As the Wildcats prepare to adjust to life without Amy Jaeschke, they are in step with a broader change that is sweeping the Big Ten.
With the graduation of dominant post players like Jaeschke, Iowa’s Kachine Alexander and Ohio State’s Jantel Lavender, the conference finds itself devoid in the paint. But in their place stand a talented crop of guards that will likely prove to be the stars of the 2011-2012 season.
When the Big Ten’s coaches submitted their two preseason players of the year, it was hardly a coincidence that both were guards: Ohio State’s Samantha Prahalis and Penn State’s Alex Bentley. Similarly, when the coaches named their preseason top five players, three were guards. The media’s selections went much the same way.
The one thing that might disrupt the Big Ten’s turn towards the perimeter game is the implementation of NCAA rules moving the three-point line back.
NU was heavily reliant on the three-pointer at times last season, finishing third in the conference with its 33.6 percentage from behind the arc. But now the Cats and all of their Big Ten colleagues will have to deal with rule changes that shifted the three-point line nine inches back to where the men’s line is located.
Michigan coach Kevin Borseth was among many players and coaches who stated that the rule change would have very little influence on the game.
“It’s kind of interesting if you watch the three-point line from all your videotapes,” Borseth said, “for the most part, all of us were shooting the ball from beyond that arc anyway.”
Michigan State coach Suzy Merchant agreed the rule change would have little effect, but acknowledged the likelihood that shooting percentages from behind the arc would plummet.
“Do I think field-goal percentages from behind the arc will go down?” Merchant said. “Yes, but they have anyway because kids play a lot of summer ball and they don’t spend as much time individually in the gym with repetition on getting their shots up.”
In another noteworthy change to the rule book, the NCAA instituted a restricted arc, in which defensive players are not permitted to take charges, similar to the system already being used in the men’s game.
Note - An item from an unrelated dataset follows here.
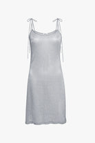 This Cami tie dress is crafted from Italian metallic maille, this mini dress features a slightly A-line shape, delicate self tie straps and a scoop neckline for easy, adjustable wear.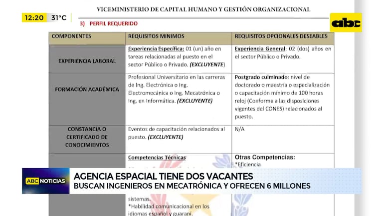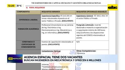 Este artículo tiene 2 años de antigüedad El portal público Paraguay Concursa publicó varias vacancias disponibles en diferentes instituciones. Se destaca la convocatoria que hacen desde la Agencia Espacial para contratar a dos ingenieros con un salario de sólo 6 millones de guaraníes para todo lo que exigen. Esto en medio del escándalo de las denuncias de nepotismo en la función pública.

The institution will also be testing the 10-second rule, by which the offensive team has 10 seconds to advance the ball past midcourt.
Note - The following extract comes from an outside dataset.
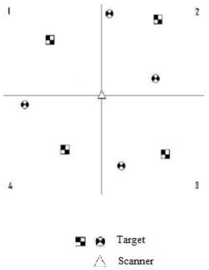The setup of the targets is important as they directly influence the accuracy of the registration. This process is necessary to combine individual scans together. The targets should be placed evenly throughout the scan area, as shown in Figure 3. With at least one target in each quadrant, targets should be placed at different elevations and at the recommended optimal distance from the scanner according to the scanners’ manual.

Merchant indicated strong opposition to such a change at Big Ten Media Day.
“I’m against the 10-second rule in the backcourt for women,” Merchant said. “We have a 30-second shot clock. That’s a pretty fast pace, and I don’t think that’s really necessary for our game.”
One coach who wasn’t available to comment on the various rule changes was Nebraska’s Connie Yori. Traditionally, every coach shows up to Big Ten Media Day, but the Cornhuskers coach had good reason not to appear as she continues to recover from a recent knee surgery. Taking her place at Nebraska’s first-ever basketball Big Ten Media Day event was assistant coach Sunny Smallwood, who said that Yori would be available to coach the team’s first exhibition game against Pittsburg State on Oct. 30.
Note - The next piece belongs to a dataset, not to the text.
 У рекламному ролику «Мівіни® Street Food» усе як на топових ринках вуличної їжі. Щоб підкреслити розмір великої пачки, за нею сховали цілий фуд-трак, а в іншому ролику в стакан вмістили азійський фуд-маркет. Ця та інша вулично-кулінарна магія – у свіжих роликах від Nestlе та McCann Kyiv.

“We know she can’t sit on the bench because she doesn’t have a lot of flexion, which is partly why she’s not here today, she can’t travel,” Smallwood said. “So we’re determining whether she’ll be standing kind of at the front of the bench next to the scorer’s table or possibly on that little cart maybe under the scorer’s table right now. But she definitely will be coaching that first game.”
In the meanwhile, Smallwood said Yori has been an active participant at practice, making her presence known despite her physical limitations.
“We’re happy to have her back and her bark back,” Smallwood said. “She kind of zooms around on this little cart or on crutches. So far she hasn’t taken anybody out, which is nice.”